You can authenticate with Databricks using either a Personal Access Token or Azure authentication:

**Option 1: Personal Access Token (PAT)**

- Generate a Databricks Personal Access token following the following guides:
- [Service Principals](https://docs.databricks.com/administration-guide/users-groups/service-principals.html#personal-access-tokens)
- [Personal Access Tokens](https://docs.databricks.com/dev-tools/auth.html#databricks-personal-access-tokens)
- Provision your service account:
- To ingest your workspace's metadata and lineage, your service principal must have all of the following:
- One of: metastore admin role, ownership of, or `USE CATALOG` privilege on any catalogs you want to ingest
- One of: metastore admin role, ownership of, or `USE SCHEMA` privilege on any schemas you want to ingest
- Ownership of or `SELECT` privilege on any tables and views you want to ingest
- [Ownership documentation](https://docs.databricks.com/data-governance/unity-catalog/manage-privileges/ownership.html)
- [Privileges documentation](https://docs.databricks.com/data-governance/unity-catalog/manage-privileges/privileges.html)
- To ingest legacy hive_metastore catalog (`include_hive_metastore` - enabled by default), your service principal must have all of the following:
- `READ_METADATA` and `USAGE` privilege on `hive_metastore` catalog
- `READ_METADATA` and `USAGE` privilege on schemas you want to ingest
- `READ_METADATA` and `USAGE` privilege on tables and views you want to ingest
- [Hive Metastore Privileges documentation](https://docs.databricks.com/en/sql/language-manual/sql-ref-privileges-hms.html)
- To ingest your workspace's notebooks and respective lineage, your service principal must have `CAN_READ` privileges on the folders containing the notebooks you want to ingest: [guide](https://docs.databricks.com/en/security/auth-authz/access-control/workspace-acl.html#folder-permissions).
- To `include_usage_statistics` (enabled by default), your service principal must have one of the following:
- `CAN_MANAGE` permissions on any SQL Warehouses you want to ingest: [guide](https://docs.databricks.com/security/auth-authz/access-control/sql-endpoint-acl.html).
- When `usage_data_source` is set to `SYSTEM_TABLES` or `AUTO` (default) with `warehouse_id` configured: `SELECT` privilege on `system.query.history` table for improved performance with large query volumes and multi-workspace setups.
- To ingest `profiling` information with `method: ge`, you need `SELECT` privileges on all profiled tables.
- To ingest `profiling` information with `method: analyze` and `call_analyze: true` (enabled by default), your service principal must have ownership or `MODIFY` privilege on any tables you want to profile.
- Alternatively, you can run [ANALYZE TABLE](https://docs.databricks.com/sql/language-manual/sql-ref-syntax-aux-analyze-table.html) yourself on any tables you want to profile, then set `call_analyze` to `false`.
You will still need `SELECT` privilege on those tables to fetch the results.
- Check the starter recipe below and replace `workspace_url` and `token` with your information from the previous steps.

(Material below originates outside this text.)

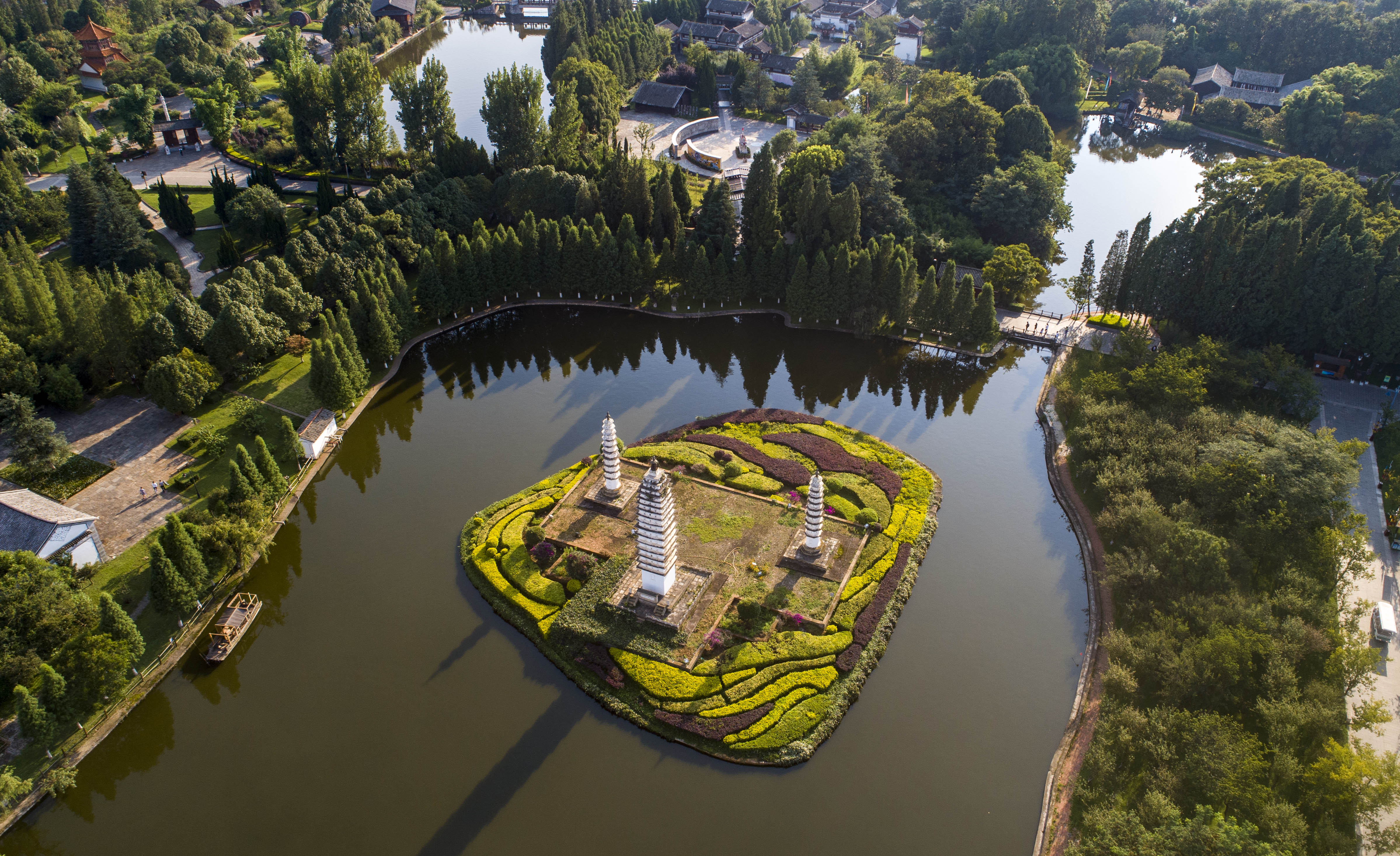 Aerial view of the Yunnan ethnic culture village in Kunming, Aug. 15, 2019. (Xinhua/Hu Chao)

**Option 2: Azure Authentication (for Azure Databricks)**

- Create an Azure Active Directory application:
- Follow the [Azure AD app registration guide](https://docs.microsoft.com/en-us/azure/active-directory/develop/quickstart-register-app)
- Note down the `client_id` (Application ID), `tenant_id` (Directory ID), and create a `client_secret`
- Grant the Azure AD application access to your Databricks workspace:
- Add the service principal to your Databricks workspace following [this guide](https://docs.databricks.com/administration-guide/users-groups/service-principals.html#add-a-service-principal-to-your-azure-databricks-account-using-the-account-console)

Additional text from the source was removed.